Often times, Direct Student Loans are the loan of choice for many students. Direct loans are handled directly by the school you are attending. These types of loans typically have lower interest rates than most others. Your college or university may obtain the funds from a variety of sources, but all of the payments are generally made to the school itself. Once you are finished with school, you typically have anywhere from six to nine months to begin paying back your accrued debt. If you finish school and cannot afford to pay back your student loans, they may be placed in default. This affects your credit rating and can keep you from getting other loans in the future. You can be granted a deferment on your loans if you decide to continue your schooling in graduate studies, or if you are unemployed. Deferment, however, does not last forever. If you have many different student loans, you can often consolidate them using a consolidation service, or, if you have direct loans, you can consolidate through your schools lender.

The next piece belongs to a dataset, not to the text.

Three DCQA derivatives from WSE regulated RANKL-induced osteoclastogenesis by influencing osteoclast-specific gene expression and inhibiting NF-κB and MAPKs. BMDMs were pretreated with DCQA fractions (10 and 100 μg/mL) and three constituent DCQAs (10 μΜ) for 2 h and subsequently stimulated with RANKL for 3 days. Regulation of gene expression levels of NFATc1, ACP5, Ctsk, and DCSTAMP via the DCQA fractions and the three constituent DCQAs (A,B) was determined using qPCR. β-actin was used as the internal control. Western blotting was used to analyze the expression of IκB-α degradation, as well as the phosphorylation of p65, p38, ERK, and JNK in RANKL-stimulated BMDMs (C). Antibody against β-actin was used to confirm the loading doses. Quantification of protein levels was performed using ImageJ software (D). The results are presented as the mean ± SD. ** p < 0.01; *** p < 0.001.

Student Loan Debt Relief – School Loan Consolidation

November 17th, 2009 consolidationschoolloan No comments

Student Loan Debt Relief - School Loan Consolidation : In order to relieve some of the financial burden associated with furthering their educations, many students are opting to consolidate student loans at lower rates, and getting a longer period of time to repay the loans. The following paragraphs will answer some commonly asked questions about student loan consolidation, as well describe how loan consolidation can aid in debt relief.
What Is Student Loan Consolidation?
School loan consolidation is the act of combining your school loans into one loan in order to help manage your financial debt caused by college or trade school. When you consolidate student loans, you will only have one monthly payment to make, which is usually lower than your combined monthly payments of your unconsolidated student debt. This is possible because when you consolidate loans, you are generally offered a longer time period to repay the debt – sometimes up to 30 years. Many consider the lower payment a huge benefit, which it is, but consolidation can also cause you to pay more interest, over a greater length of time, than you would with your combined unconsolidated debt. Student loan consolidation rates are generally lower than unconsolidated loan rates, and most often the student loan consolidation rate will be fixed. With unconsolidated loans, most commonly the interest rates are variable, which means they can change at any time, sometimes without much warning. With a fixed rate, the monthly interest will remain the same throughout the entire duration of your consolidated student loan.

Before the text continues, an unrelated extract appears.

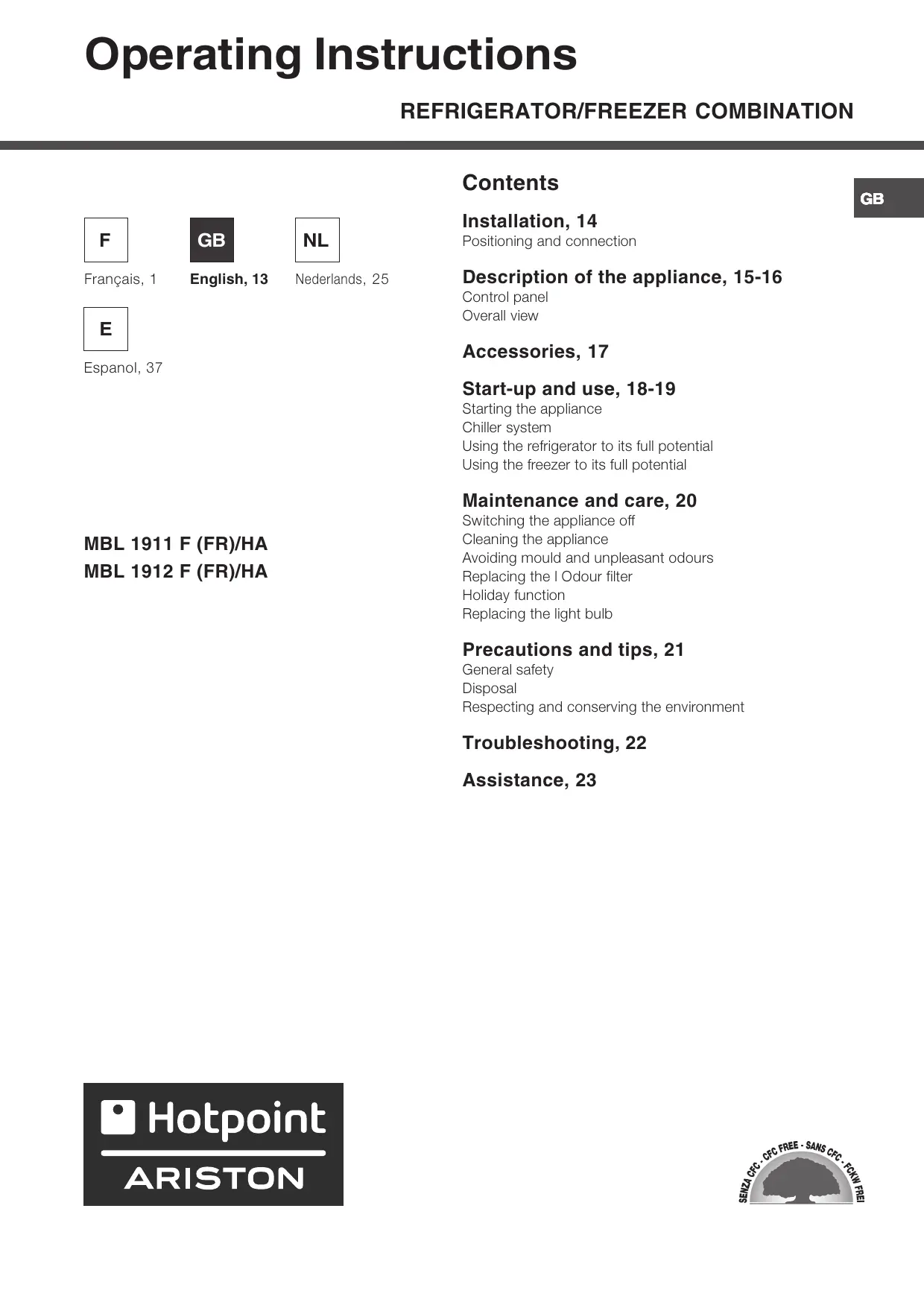 Download the instructions for your Fridge in PDF format for free! Find your manual MBL 1912 F - HOTPOINT-ARISTON and take your electronic device back in hand. On this page are published all the documents necessary for the use of your device. MBL 1912 F by HOTPOINT-ARISTON.

Student Loan Debt Relief - School Loan Consolidation

Student Loan Debt Relief - School Loan Consolidation


What If I am Default on My Student Loan Payments?

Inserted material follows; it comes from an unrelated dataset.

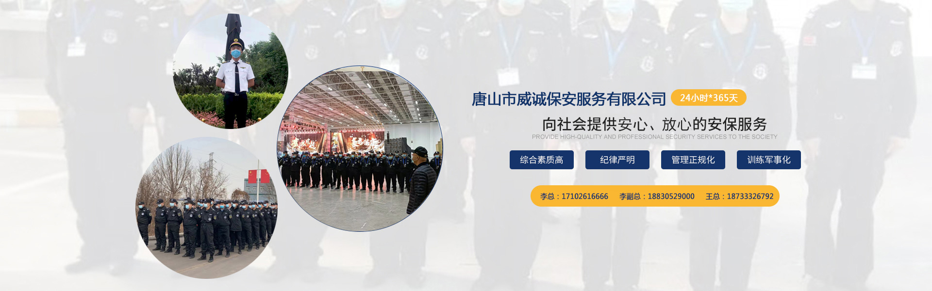 唐山市威誠保安服務有限公司自成立以來以“嚴防死守、忠于業(yè)主”為服務原則,以“客戶滿意、 合作共贏”為根本目標。以科學的管理、多方位多層次的服務,建立了首問責任制,完善了走訪、回訪 、滿意度調查、末位淘汰的預警管理,不斷提高服務質量,提高業(yè)主滿意度,提高企業(yè)形象。秉承“誠 實守信,紀律嚴明,團結協(xié)作,致精致誠”的服務理念,為客戶提供高品質、多方位、專業(yè)化的保安服務。 本公司制定了嚴謹?shù)亩ㄏ蛘猩徢芭嘤枴⒖己虽浻谩徶信嘤枴⒊掷m(xù)培訓、末位淘汰制等一整套完善的管理體系。可以根據(jù)客戶的要求實地勘察評估,以量身定做的方式提供安保防范服務。

If you are default in making your debt payments, you may still qualify for school loan consolidation. It is important to check with your loan holder, to ensure your defaulted loan has not been subject to wage garnishment. If your defaulted loan is subject to wage garnishment, you may not be able to consolidate.
How Can I Obtain More Information Regarding School Loan Consolidation? There are many ways to obtain more information regarding this issue
· by requesting it from the financial aid office at school
· by requesting it from the holder of your original debt
· by researching the internet
Information is usually available in any financial aid office of any learning institution. If you cannot get to your financial aid office, or if your financial aid office does not have the information you need, please request the information from the holder of your original debt, or search the internet for valuable information on student loan consolidation.